Their eyes met for only a second, but it was more than they needed to achieve total understanding.
Maryann grinned. “I swear, Rose, if I weren’t driving I would hug you. So, have you told him?”
“You mean in words?”
“Yes, Rose, in words.”
“No.”
“Well, exactly when—”
“When the time is right,” Rose said firmly. “As I’ve told you a zillion times, even a best friend doesn’t get a full rundown of some things—no details, no specifics, no dimensions.”
“Spoilsport,” she grumbled, then smiled again. “But I’ll rise to the occasion and be gracious.”
Before Rose could do more than turn to eye her warily, she added, “If you’ll do the same. Come on, Rose, admit Gramma Viola and I were right, or, if you won’t do that, at least admit you’re happy.”
“I’m happy,” Rose told her without hesitation. “Very happy. Oh, hell, Maryann, I’m delirious.”
“I know…and I’m delirious for you.” She exhaled, squirming a little in her seat. “Thank God we got that settled. Now, will you please get back to that map and figure out how far it is to the next rest area? I’m rethinking the wisdom of having ordered that extra-large iced coffee for the ride.”
“We’re only about ten miles from Dana Edgerton’s house. I’m sure she’ll let you use her bathroom.
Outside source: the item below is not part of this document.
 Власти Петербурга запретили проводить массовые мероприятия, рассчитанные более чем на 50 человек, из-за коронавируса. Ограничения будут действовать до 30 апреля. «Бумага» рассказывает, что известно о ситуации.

She sounded very nice when I spoke to her on the phone.”
“Ten miles? Don’t you mean ten miles of winding, bumpy road?
”
On cue they hit a bump, and Maryann winced. “Distract me,” she ordered. “Tell me again how you found out this woman we’re going to see has one of these special old birds.”
Rose smiled at Maryann’s description, and pointed ahead to where 104 forked to the right.
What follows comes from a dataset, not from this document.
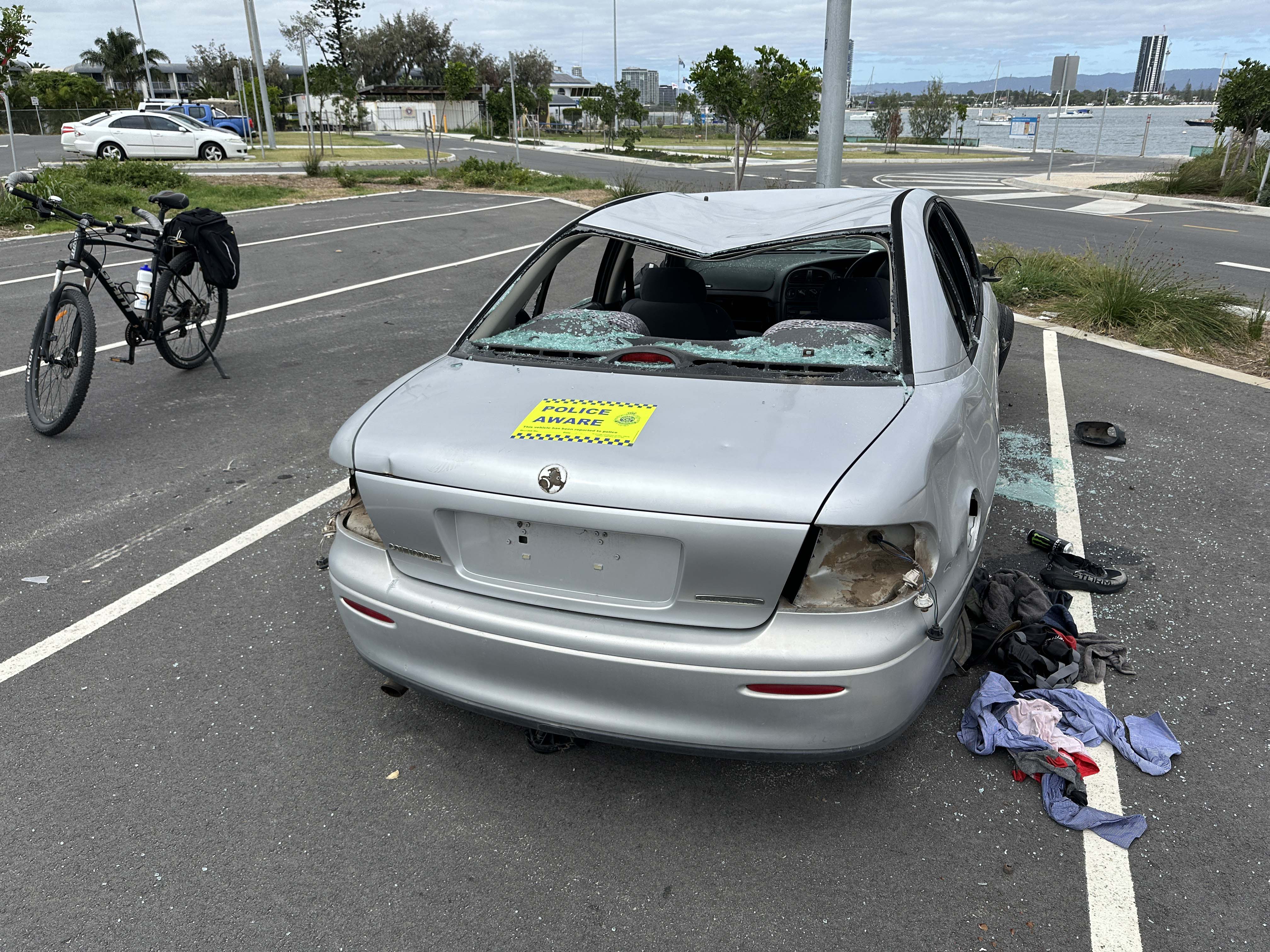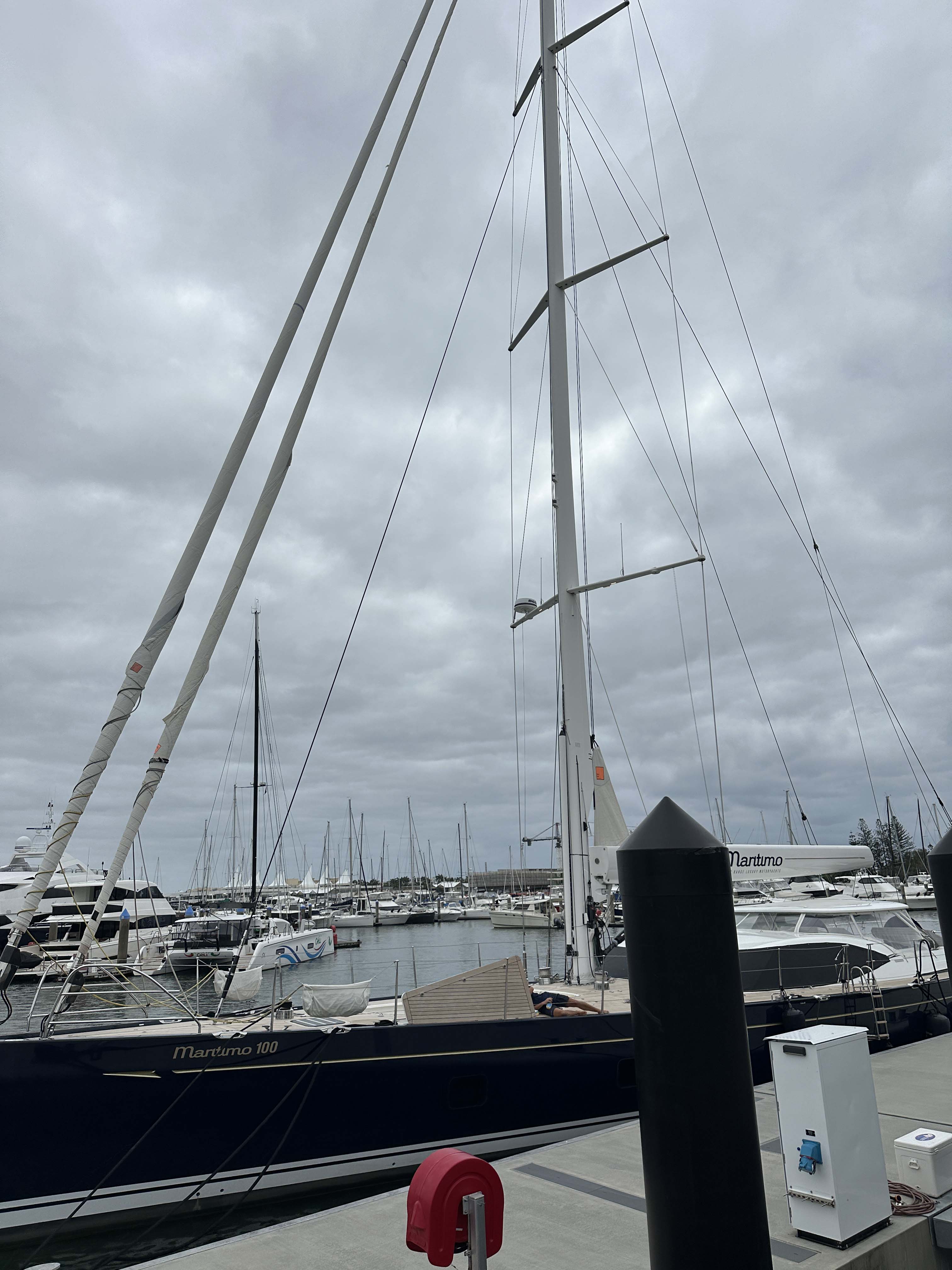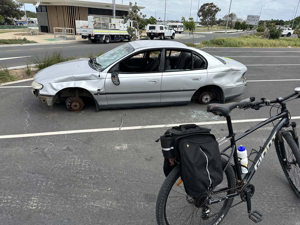 Over the Bridge and through the Southport YC then along the Shared Path, towards The Seaway/Spit. The superyacht jetty was full, with "Sunset", "Zuri" and "Maritimo 100" all tied up at the jetty. Stopped and speak to one of the crew aboard "Maritimo 100" about their Sydney to Hobart race, which they had to retire from, due to a fault. I took photos on my way to and on my way from The Spit. I rode around the Marina Mirage shopping complex (which is being demolished), followed by a lap of the Seaworld Carpark. Through the Muriel Henchman carpark, which had a wrecked car there, continuing out to the tip of the Moondarewa Spit, took more photos then finally made it to the tip of the Seawall/Spit. Stopped and took my photos.

“Luck. I happened to see the small ad she placed in the Treasure Chest. That’s a small paper for collectors,” she explained. “She’s collected this series of birds for as long as Devora, but she also collects several other pricey items and decided to concentrate all her time—and money—in a different direction. Because this is such a specialized item, she figured she’d try selling the pieces herself before going the auction route and paying a big commission.”
“Makes sense,” Maryann observed.
“We decided that because it is a private sale and we don’t live too far apart, we would both feel more comfortable handling it face-to-face. This way I get to inspect the piece personally, and Dana gets cash.”
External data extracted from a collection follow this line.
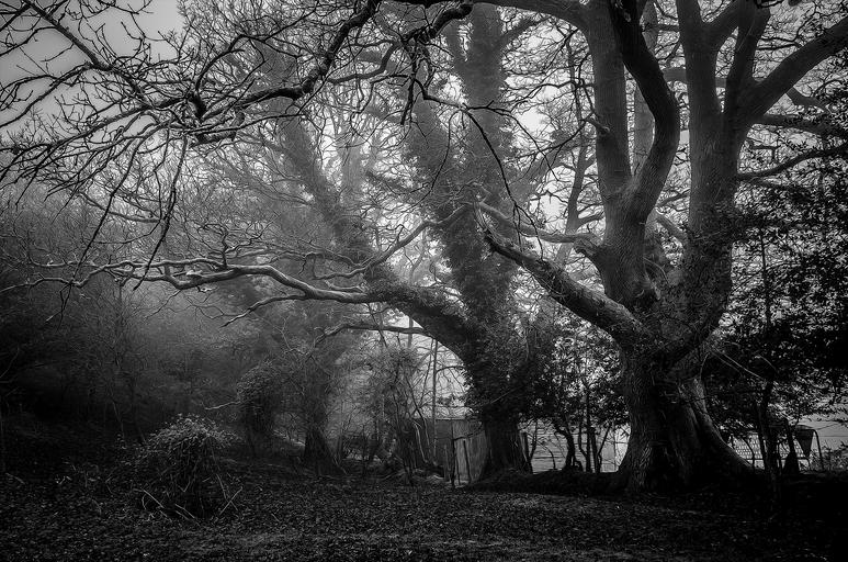 Keywords: mystic trees foggy misty forest nature mystery autumn dark forest spooky garden black and white mood gloomy vegetation flora season
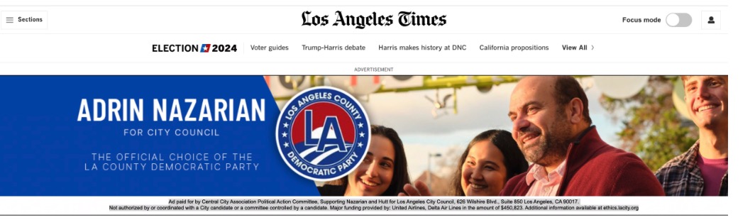 If you’ve scanned the LA Times lately, you may have noticed ads from the Central City Association PAC, sponsored by heavyweights like United and Delta Airlines, backing candidates such as Adrin Nazarian and Heather Hutt. While these ads technically claim “independence,” United’s lobbying adds another $150,000, targeting LAX policies like leaseholds, terminal access, and city policy to secure prime business interests.
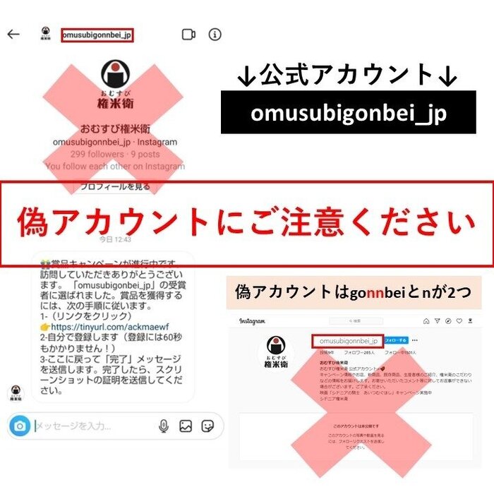 【重要なお知らせ】 おむすび権米衛公式SNSの「偽アカウント」にご注意ください
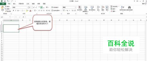 第一步,打开Excel软件,新建一个Excel表。在Excel表中选中一个要做表头的表格,并调整至适当的大小。
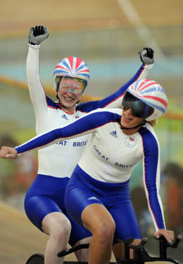 9月9日,英國選手麥格林(左)和領(lǐng)騎員亨特在比賽后慶祝勝利。當日,在老山自行車館舉行的北京2008年殘奧會場地自行車女子個人追逐賽(B&VI)中,麥格林和亨特以3分39秒809的成績奪得冠軍。
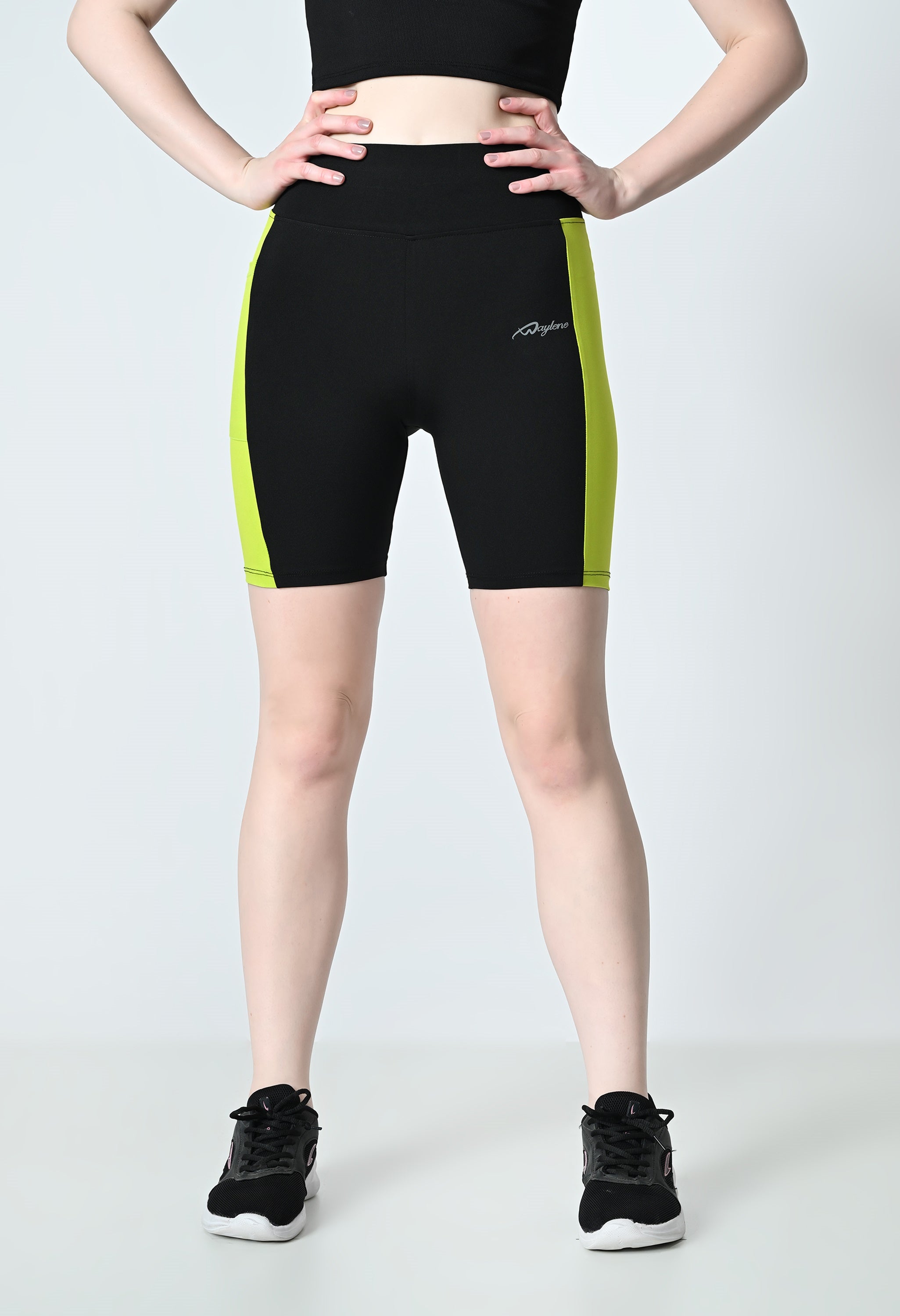 Discover the fusion of style and functionality with Waylene's Black and Parrot Green Colour Block Gym Shorts for Women. These high-performance shorts are crafted to support your active lifestyle, whether you're hitting the gym or the yoga mat. With a stylish slim-fit design and moisture-wicking dry-fit technology, they ensure you stay comfortable and confident.

“And lots of it,” countered her friend, her expression becoming wistful. “Just think, with that much money you could buy those snakeskin boots I want, in every color.”
“Except, I don’t think Griff is the type to wear high-heel snakeskin boots in any color, and Ted will end up buying you every color, anyway.”
She didn’t deny it. “Are you still planning for this to be a surprise?”
“Yes. I made an outrageous killing on that chintz I just sold, and Griff is always buying me flowers and dinner and frozen burritos, and I just want to do something for him.”
“Hey, I understand completely. It’s that fluttery thing.”
“Probably,” Rose conceded.
“So if this pans out, there will be only one bird still out there?”
“That’s right. When I asked Dana if she had it, she gave this mysterious little laugh and said she didn’t, but promised to tell me an interesting story about it when she saw me. That’s another reason I was eager to meet her. I’m hoping to pick her brain for a clue where to look next. Everything I’ve tried lately has been a dead end.”